*ABOUT THIS EXERCISE:*
Word for word, give the data again without its pictures.

*RAW DATA:*
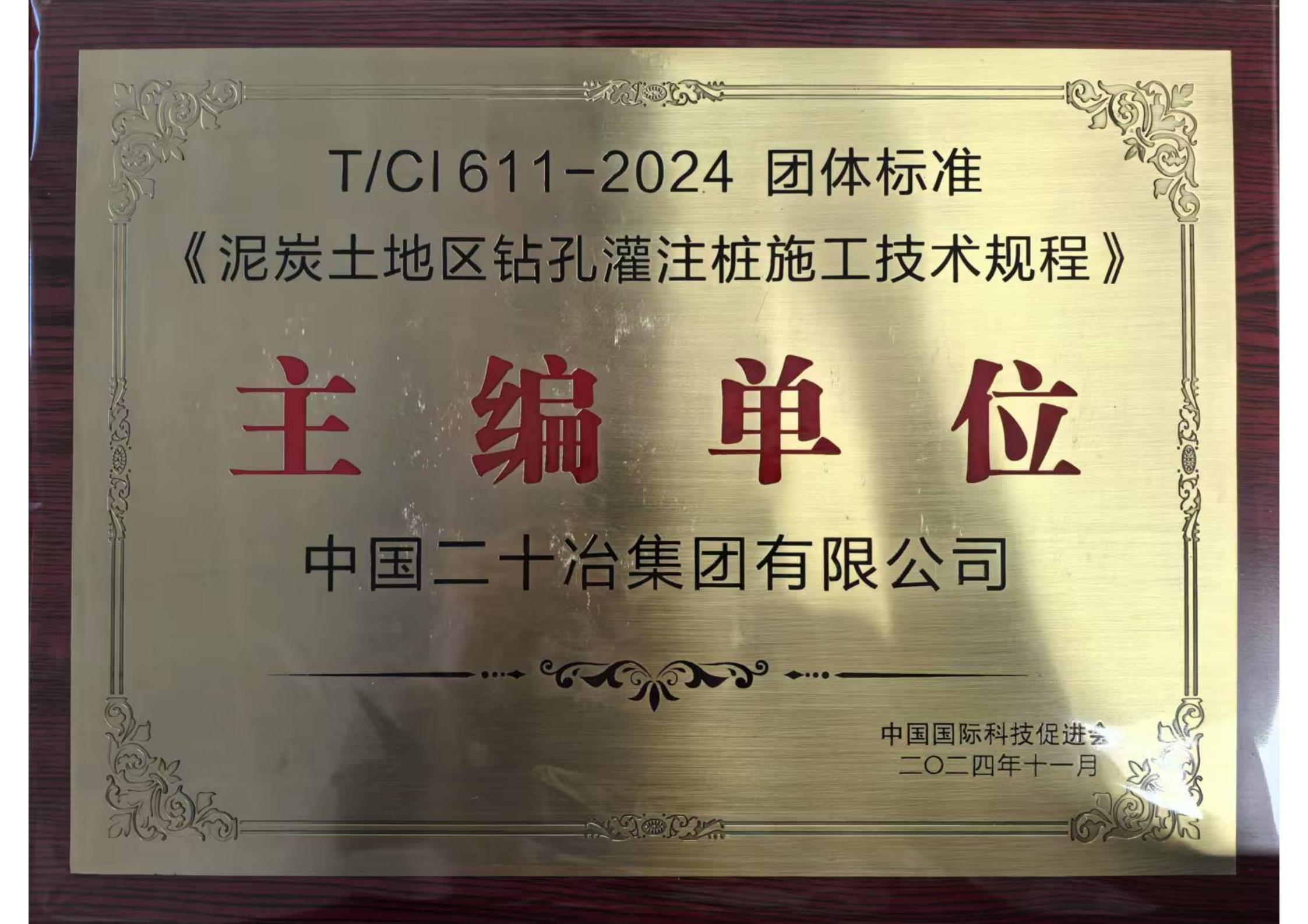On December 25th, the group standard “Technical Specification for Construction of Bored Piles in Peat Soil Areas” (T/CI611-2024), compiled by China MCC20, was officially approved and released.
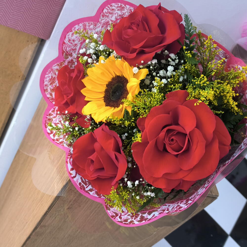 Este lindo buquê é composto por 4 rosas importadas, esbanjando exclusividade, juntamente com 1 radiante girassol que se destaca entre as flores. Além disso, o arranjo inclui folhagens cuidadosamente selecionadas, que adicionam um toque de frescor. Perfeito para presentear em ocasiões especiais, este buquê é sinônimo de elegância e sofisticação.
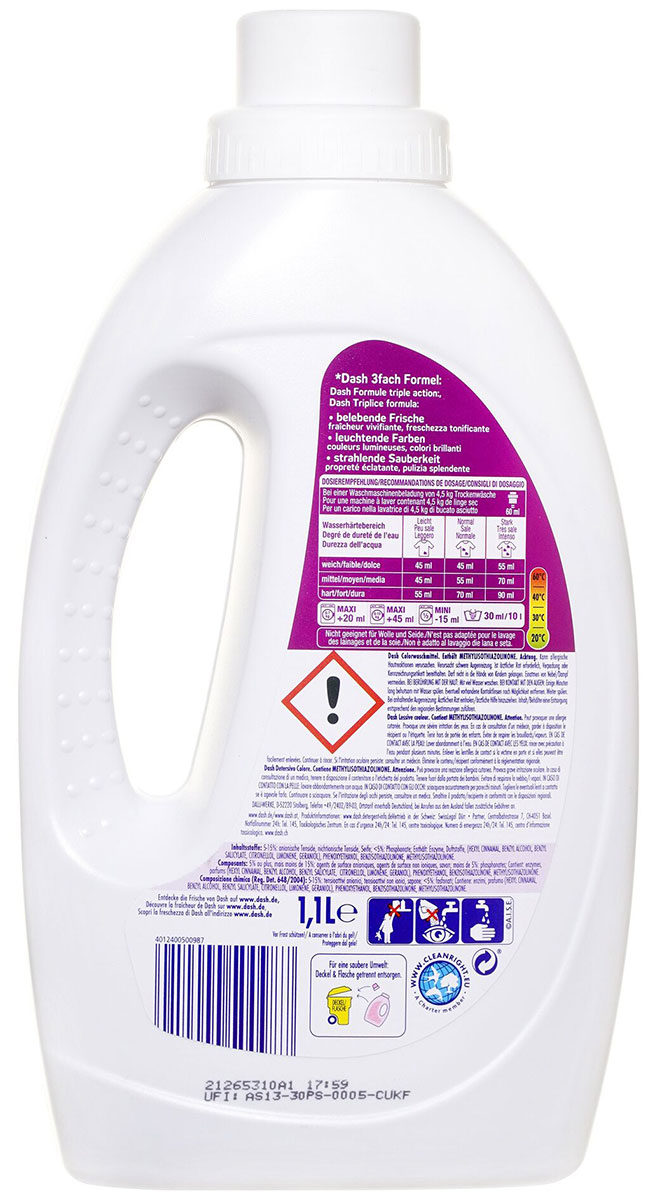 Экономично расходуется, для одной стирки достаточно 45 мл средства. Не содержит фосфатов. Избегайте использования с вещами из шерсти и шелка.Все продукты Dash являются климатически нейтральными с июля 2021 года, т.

*SOLUTION TO THE EXERCISE:*
On December 25th, the group standard “Technical Specification for Construction of Bored Piles in Peat Soil Areas” (T/CI611-2024), compiled by China MCC20, was officially approved and released.
 Este lindo buquê é composto por 4 rosas importadas, esbanjando exclusividade, juntamente com 1 radiante girassol que se destaca entre as flores. Além disso, o arranjo inclui folhagens cuidadosamente selecionadas, que adicionam um toque de frescor. Perfeito para presentear em ocasiões especiais, este buquê é sinônimo de elegância e sofisticação.
 Экономично расходуется, для одной стирки достаточно 45 мл средства. Не содержит фосфатов. Избегайте использования с вещами из шерсти и шелка.Все продукты Dash являются климатически нейтральными с июля 2021 года, т.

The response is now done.